══ Source information

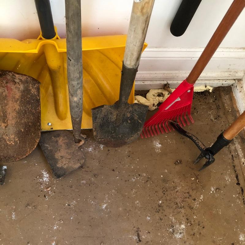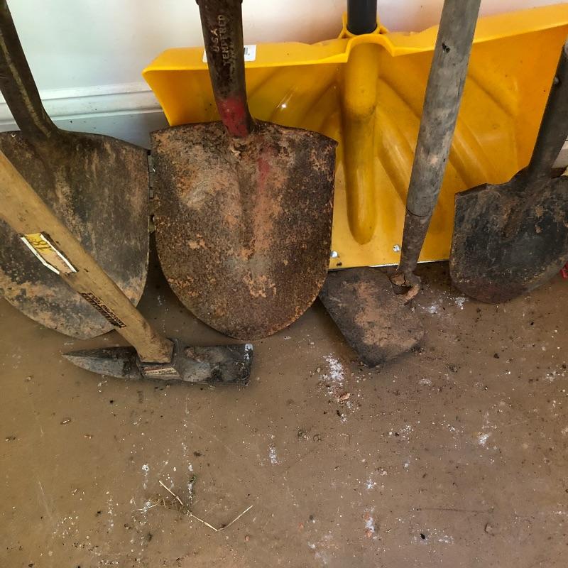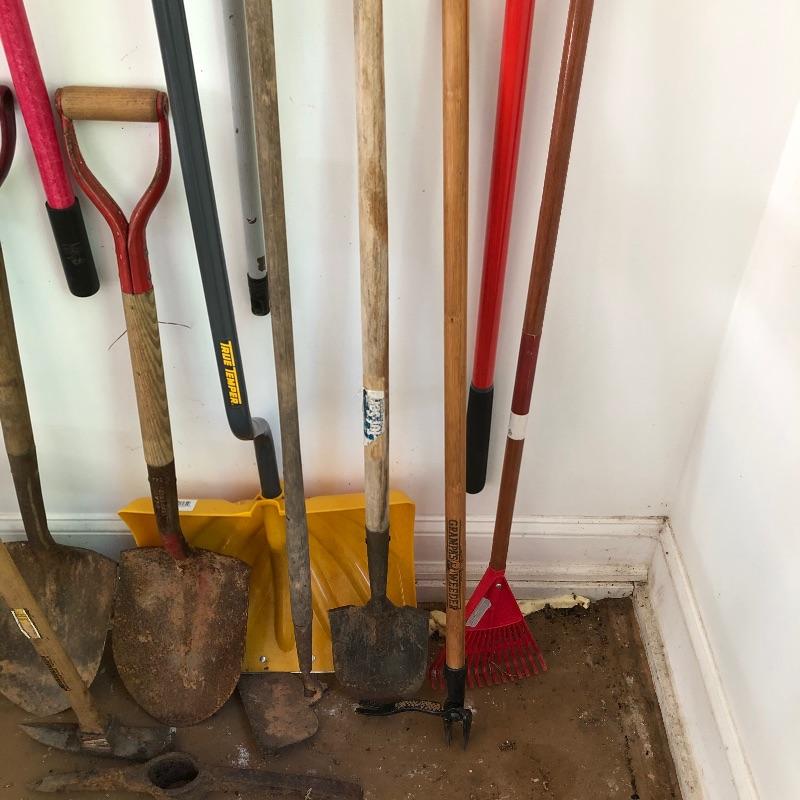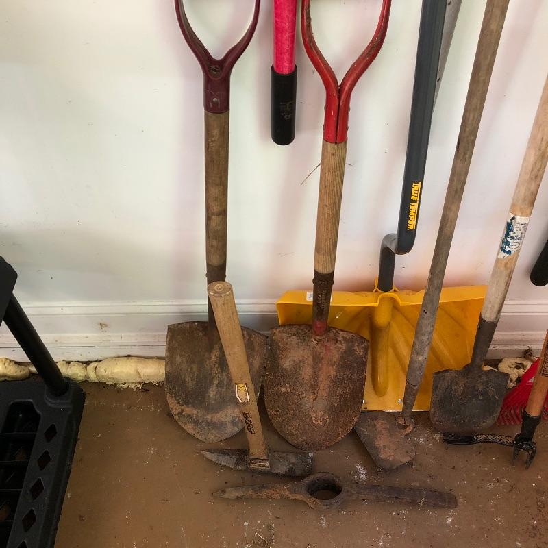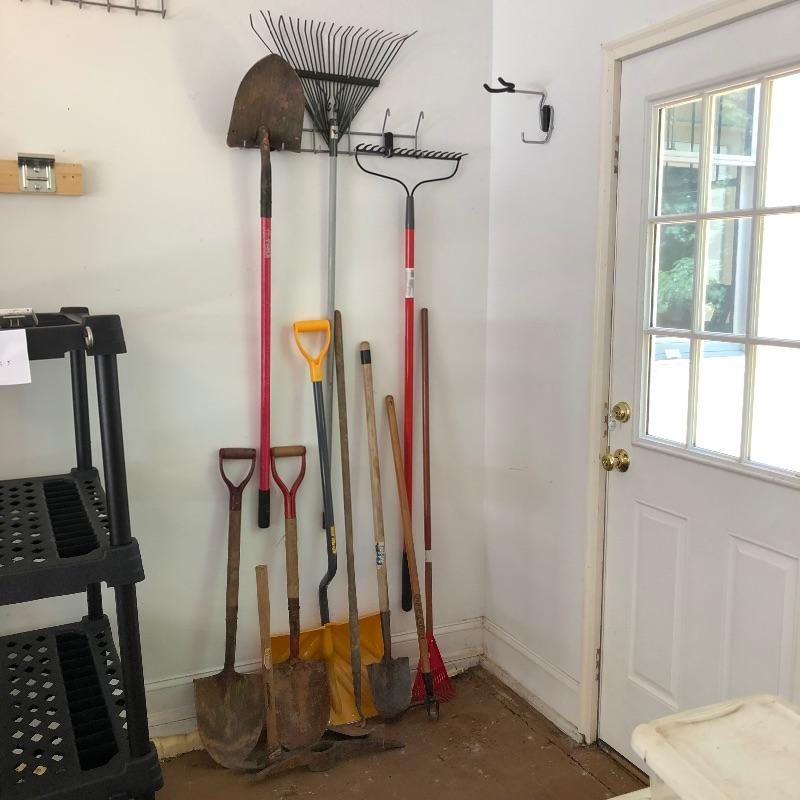 Vintage and new gardening tools here that includes both a heavy and a leaf rake, multiple shovels, a plastic snow shovel, pick ax and more, see images. Hooks are not included.
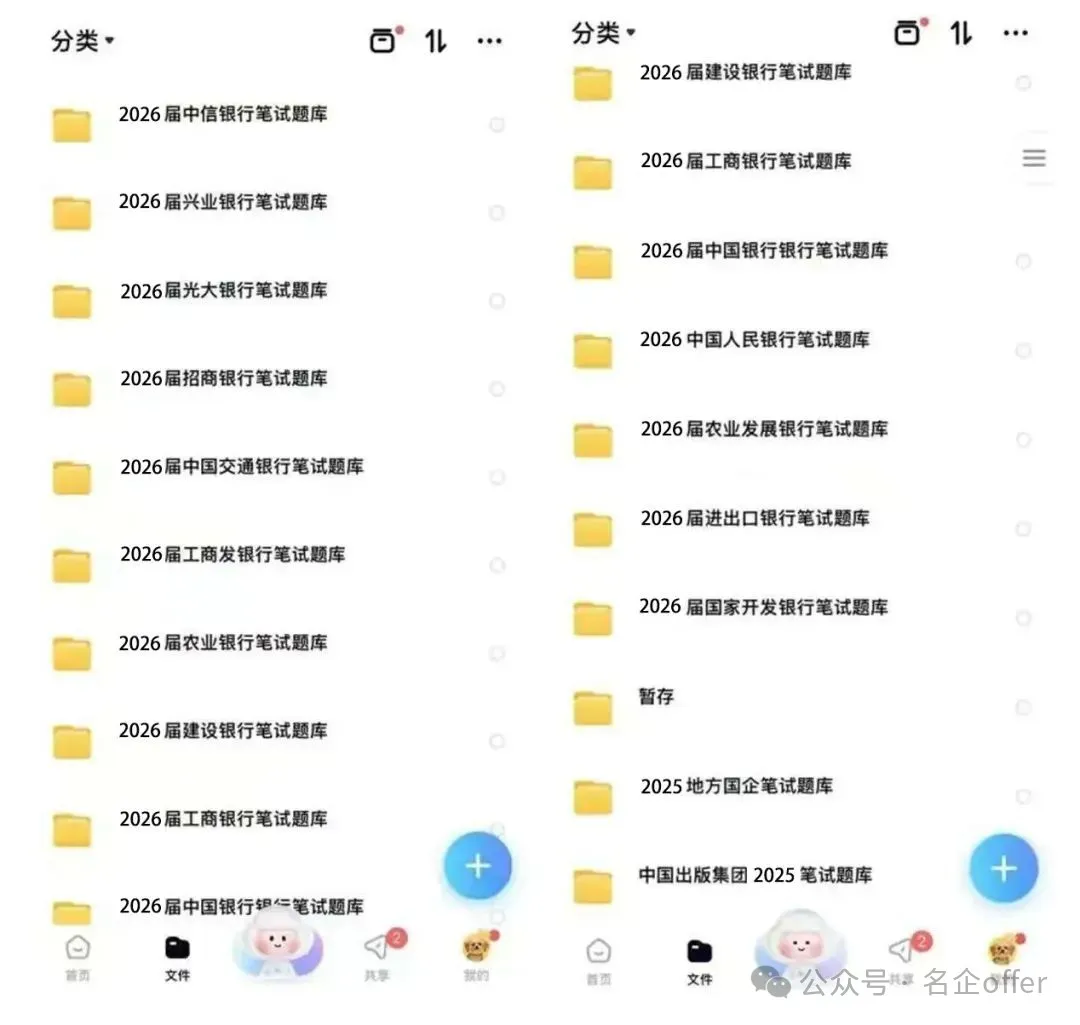01 求职信息专享 全力信息,来自企业工作人员和HR的委托,大量项目负责人/组内成员/继任招募者委托发布的招聘信息; 实时整理更新,暑期/寒假实习信息汇总表、远程实习信息汇总表、春招/秋招校招信息汇总表、国企央企事业单位招聘信息等等 涵盖金融、咨询、四大、互联网、快消、国企、事务所,房地产等等,地域涵盖 国内、英国、美国、澳洲、新加坡、加拿大、法国、德国、意大利等等地区 02 海量求职资料专享 已整理更新的求职资料包括: 行业:外资投行、券商、事务所、公募基金、银行、互联网、快消、咨询、地产公司、国企央企、公职类、事业单位考试资料等等 购买会员可以获得至少50+新版央企笔试题库,200+地方2026年新版国企笔试面试资料;价值12500元+;200+新版四大OT、咨询OT、快消、投行 、外资投行 互联网、地产2026年模拟题库、真题库,价值超1万元;20+新版车企笔试题库,价值1000元;以及更新海外(英国、北美、澳洲、新加坡、欧洲)主流名企在线测评题 公司:瑞银集团、汇丰银行、德意志银行、易方达基金、汇添富基金、博时基金、华夏基金、央行、国开行、进出口银行、农业发展银行、五大行、建设银行、浦发银行、招商证券、申万宏源、广发证券、方正证券、国泰君安、光大证券、MBB、国家电网、中国石油、腾讯、字节跳动、阿里巴巴、华为、四大、立信、碧桂园、保利地产、恒大、万达、戴德梁行等等 其他:简历大礼包、北京/上海落户名单、各行业薪资表...... 《2026年国企央企笔面试资料》
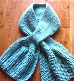This sweet knit scarf pattern is a charming knit accessory perfect for spring. The Simple Keyhole Scarf is a lovely shade of sky blue and features a simple opening for a scarf that lays flat against your outfit. This cute and cuddly knit scarf is an easy pattern that knits up pretty quickly, especially because of the bulky yarn and 10.5 size needles required for completion.
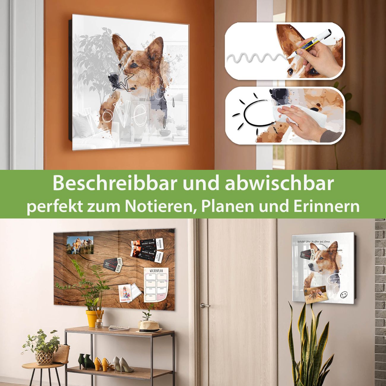 ✅ Magnetisch und mit Kreidestift beschreibbar, gehärtetes Glas, links angeschlagene TürOrdnung und Design in einem
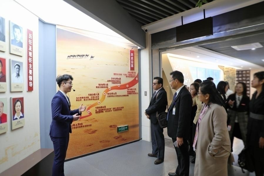 在逸夫艺术楼,代表团观看了舞龙舞狮、江西民歌、中国传统乐器以及民间舞蹈等多种方式的表演,对中国传统文化表示出浓厚的兴味,对南昌师范学院师生的精深技艺纷繁点赞并表示两校能够在音乐、舞蹈、体育、美术等方面展开文化交流。

════

What this task involves
Starting at the line that contains "This sweet knit", write out every line through the final line of the entries, word for word; skip any pictures.

Solution to this exercise
This sweet knit scarf pattern is a charming knit accessory perfect for spring. The Simple Keyhole Scarf is a lovely shade of sky blue and features a simple opening for a scarf that lays flat against your outfit. This cute and cuddly knit scarf is an easy pattern that knits up pretty quickly, especially because of the bulky yarn and 10.5 size needles required for completion.
 ✅ Magnetisch und mit Kreidestift beschreibbar, gehärtetes Glas, links angeschlagene TürOrdnung und Design in einem
 在逸夫艺术楼,代表团观看了舞龙舞狮、江西民歌、中国传统乐器以及民间舞蹈等多种方式的表演,对中国传统文化表示出浓厚的兴味,对南昌师范学院师生的精深技艺纷繁点赞并表示两校能够在音乐、舞蹈、体育、美术等方面展开文化交流。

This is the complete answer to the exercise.